I'm going to be doing the same thing as you as soon as I finish roofing my house.
I'm not a pro but I have learned a lot and I have spent all summer so far on this project. 
Anyway, onto your question. This is only my opinion. My shed is also 8 x 10. I am going to remove the old shingles and replace with new. The reason is (again, just my thinking) that my shed roof is not built as heavy duty as the house and shingles weigh a lot. I don't want the extra weight, especially when it snows and I also don't want all the extra nails sticking through the roof.
If your shed just has shingles on the wood, you might want to consider putting felt paper underneath and drip edges on the eaves and rakes to help the water fall away from the base of the shed.
To help answer your how to questions. Yes, you would start at the bottom. It's the same as roofing your house. 
you would first put a starter layer at the eaves and along the rakes (the rakes are the sides). You cut the tabs off the shingles and nail them down with the adhesive closest to the edge. This "glues" the edges down. Or you can buy a box of self adhesive starter shingle strip which does the same thing except you don't have to nail or cut tabs off. It's just a long strip that you cut to length. It's a good practice to do this even if you don't tear off the original shingles.
Now I'm picturing my shed and I would work left to right.
Start your first course at the bottom and let the shingles hang over the eges about a 1/2" to divert water away from the shed.
When you start the second course you would cut off a half of the first tab so that your first shingle of the 2nd course is now about 30" wide. This is done so that the shingles shed water and don't allow the water to go down one continuous groove or line and penetrate into the shed. Usually the shingles come with a little cut on the opposite side of and in between the grooves to mark the line for you to cut. 
The next course, you would cut off a whole tab which would take off another 6 inches on the first shingle and so on up the roof.
After both sides are done, you cap the peak. You take some shingles and cut between the grooves so that you now have three single tabs out of one shingle. You fold the tab in half and nail each side of the peak, nailing near the adhesive line. You then fold the next tab in half and lay that over the first cap so that it covers the nails you just hammered in and nail that cap, and so on down the line.

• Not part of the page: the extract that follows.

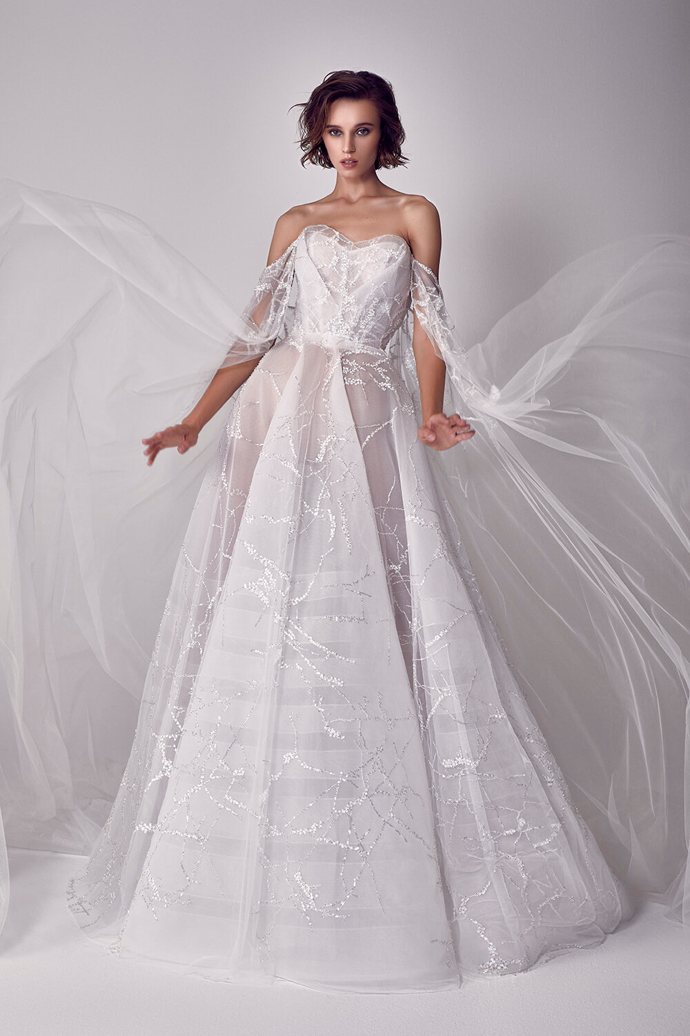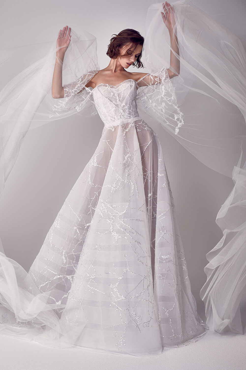 فستان زفاف من دون أشرطة وبأكمام طويلة شفّافة وواسعة، مُرفق بتنّورة مُزيّنة بالتطريز النّاعم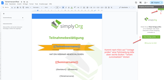 Taucht diese Meldung in Google Docs auf, so ist Ihr Google Account vermutlich nicht mit Ihrem simplyOrg Backend verknüpft. Hierfür können Sie folgende Schritte durchführen:

When you get to the last cap, the "ugly" section will still be showing. trim off the good section off another tab and cover the "ugly" section with it. nail each side of the good section and cover the nail heads with a sealant. These should be the only exposed nails. (but not exposed, because you just sealed over them)
I hope this helped and if you know a lot more, I hope this wasn't too long winded, and it's a little late so I hope I made sense.
And yes, there are instructions and pictures on the shingle wrapper, usually on the inside.
Good luck. :thumbup:


----------